I asked our System Architect about this and his reply is this:
There are multiple considerations why the core logic cannot make use of EF core that range from on-prem and cloud compatibility down to legacy code. We are constantly working on addressing query performance but even if given the chance to work on fresh and new solution, I wouldn't resort to EF core or classic. First of all, query performance is given by how well you write the query itself and how well your tables are designed and indexed. To work with an ORM, I would resort to Dapper or not work with ORMs at all if performance is my top priority. 

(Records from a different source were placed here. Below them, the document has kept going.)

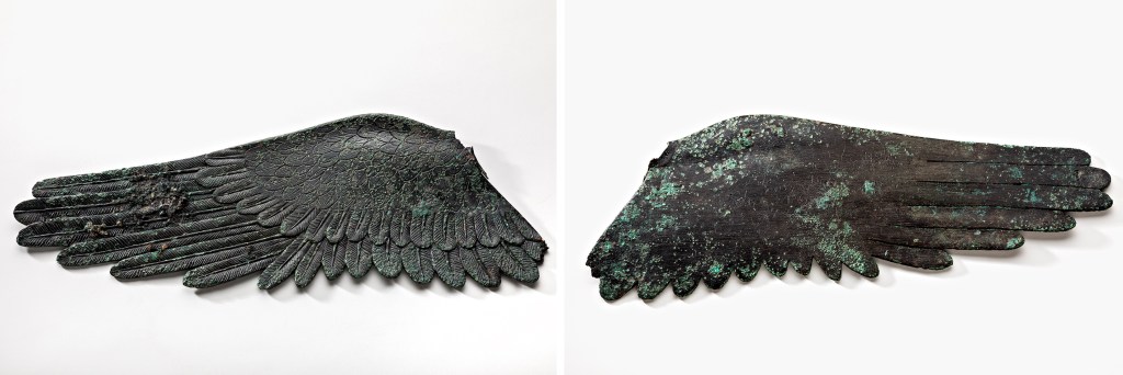 Im Brandschutt der Katastrophe fanden sich u. a. ein nahezu unversehrt gebliebener Flügel aus Bronze (Abb. 4). Im römischen Götterhimmel gab es nur eine Gottheit mit größeren Flügeln: die Siegesgöttin Victoria. Das Fundstück lässt demnach auf eine knapp unterlebensgroße Bronzestatue dieser Göttin schließen.
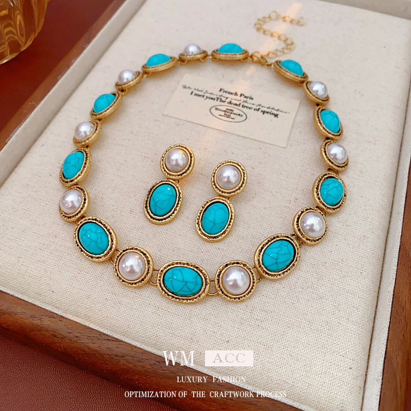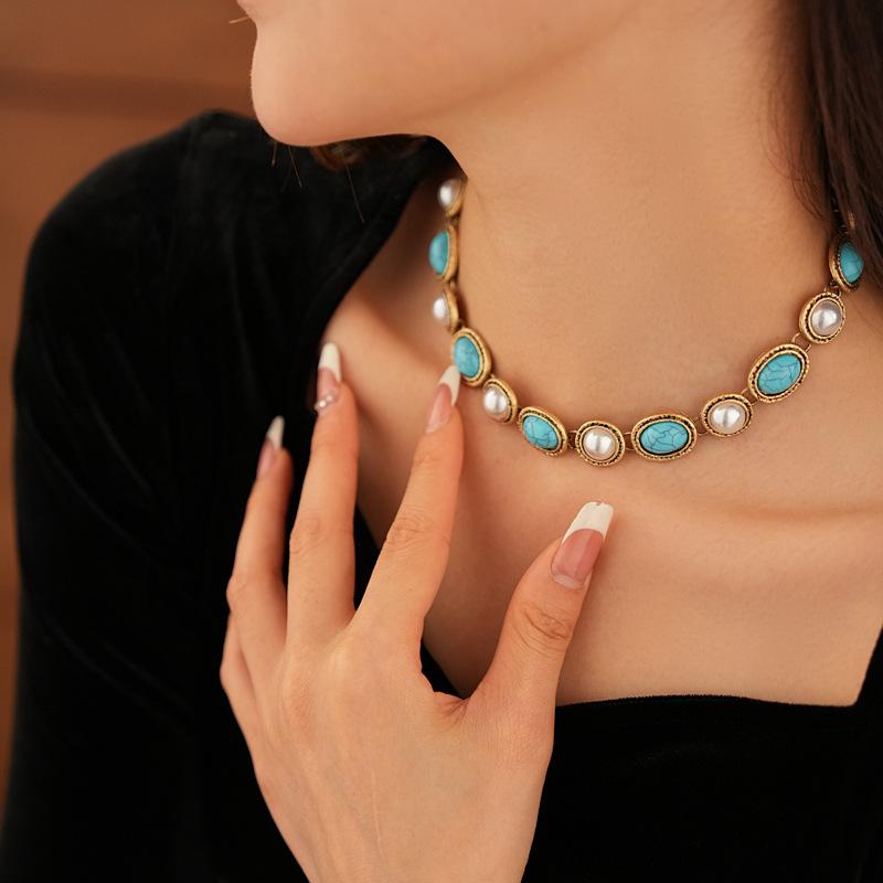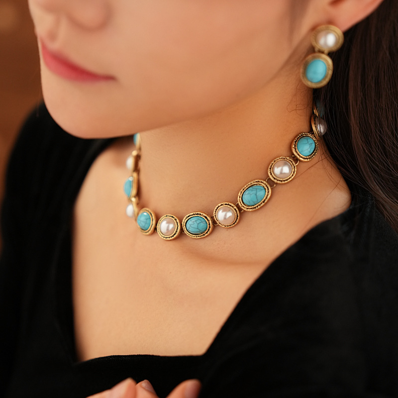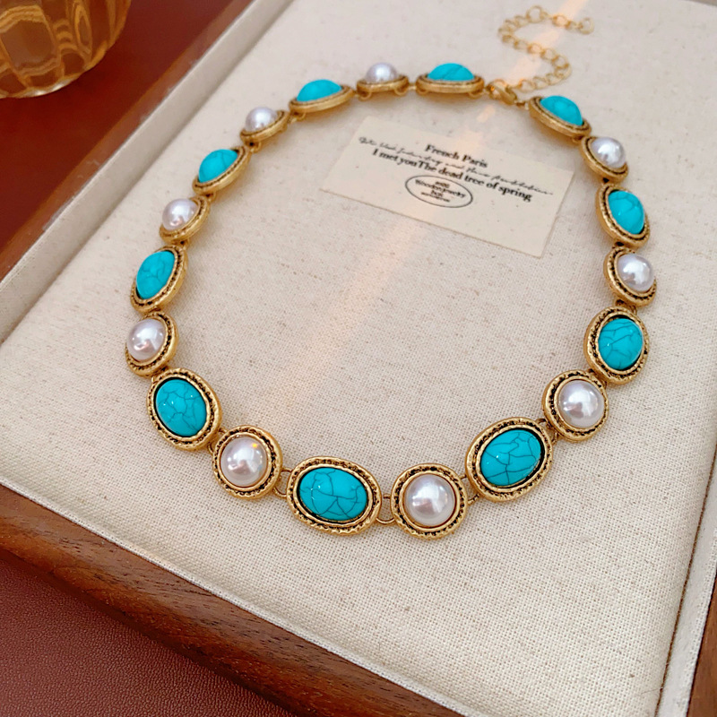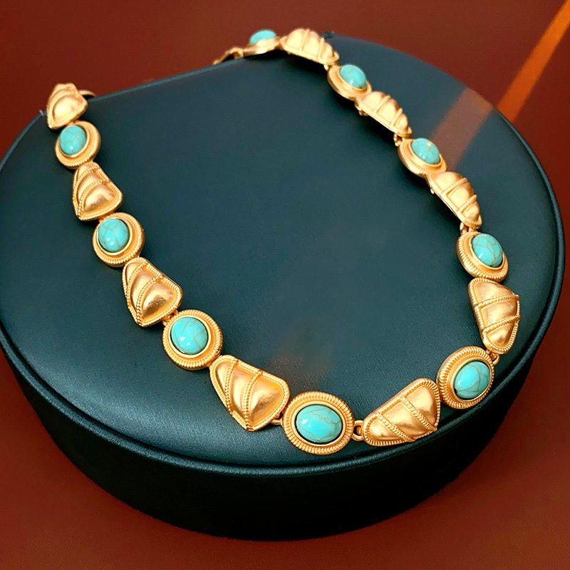 15# necklace-blue turquoise beaded metal arc
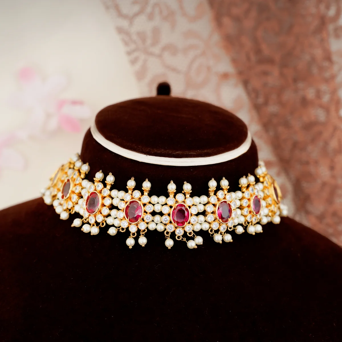 This statement piece features a broad, structured band designed to sit perfectly around the neck. The choker is detailed with a row of large, oval-cut ruby-red gems, each beautifully framed by a sparkling white stones and delicate golden accents. The entire bottom border is adorned with a rich fringe of small pearl (moti) clusters and drops. The set includes matching stud earrings that mirror the floral, ruby-centered design and pearl drops, creating a look of sheer traditional luxury. Perfect for a bridal trousseau or a magnificent formal event.
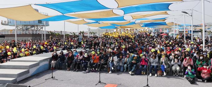 ▲ 지난 22일 강진 '마량놀토 수산시장' 개장식에 관광객들이 가득차 있다. [강진군 제공]
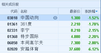 智通财经APP获悉,体育用品股全线下挫,板块跌幅达4.93%,其中安踏体育(02020)跌幅列居榜首,截至10时40分,跌6.24%,报价37.55港元,成交额1.34亿。
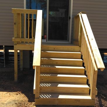 When your home is delivered our local contractor measures and builds your steps on site to add a beautiful entry to your new home, complete with wooden spindles and hand rails!
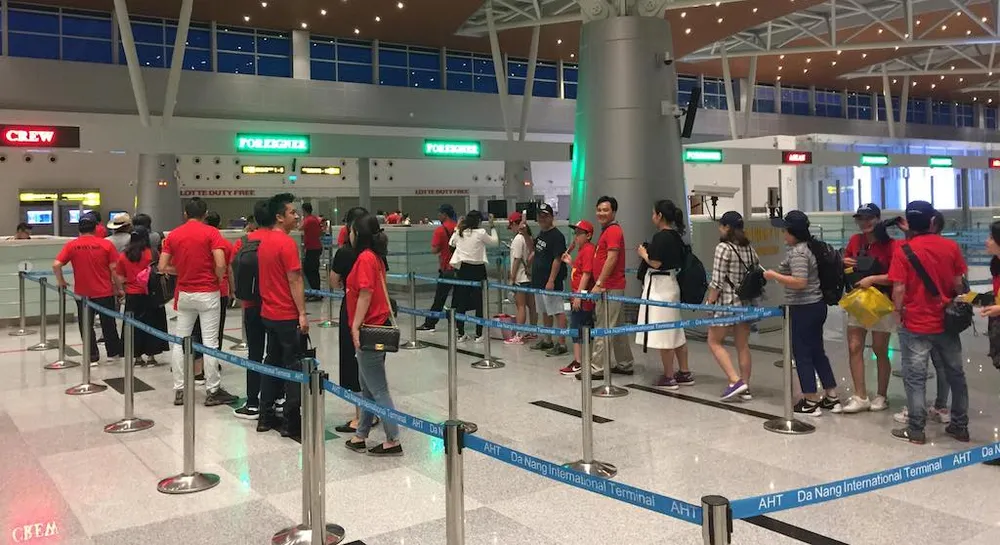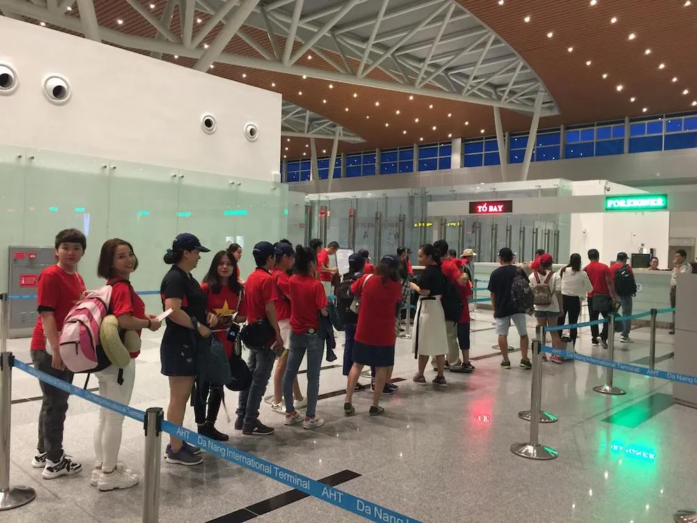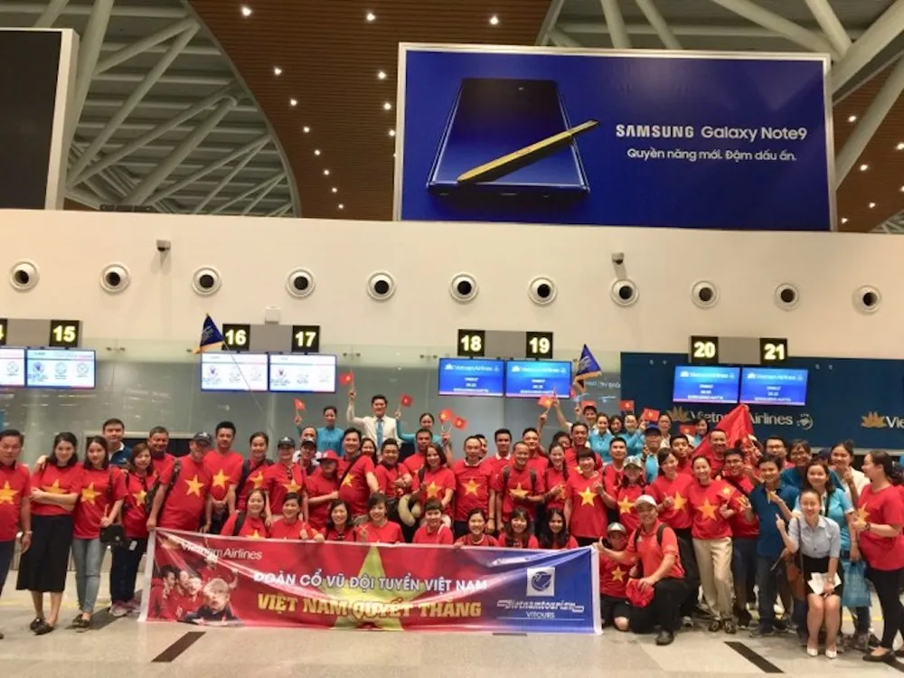Các cổ động viên làm thủ tục bay sang Indonesia để cổ vũ cho đội tuyển Việt Nam. Ảnh: T.TÙNG

@omelhus We're happy to hear your comments on this.

- Arnstein

omelhus
PARTNER
by omelhus

Thank you for your reply.

 

My comment was not related to the absolute best performance, but a more performant way to fetch data than going through VBS for every request. I think wiring up all the queries and joins manually for a complex system as VB will take so much time that the API is obsolete before it's done, and with the performance in existing ORMs I see no reason to invent the wheel again.

 

I'm mentioning specifically EF Core because that's what I have experience with and have been tinkering with using the Business data model, scaffolding and GraphQL. Dapper or other ORMs might have scaffolding solutions, but I know nothing about that.

 

I think the API would benefit tremendously by skipping the VBS for queries that don't access calculated fields. This would probably also lower the compute power required to run the API-solution, as much of the query can be off-loaded to the SQL-server(s). Computed fields can be fetched using a data loader using primary keys. I'm seeing a 10x improvement in query times using the SQL+dataloader approach over the implementation in nxt, using approximately the same dataset.

 

I'm happy to demonstrate this over teams.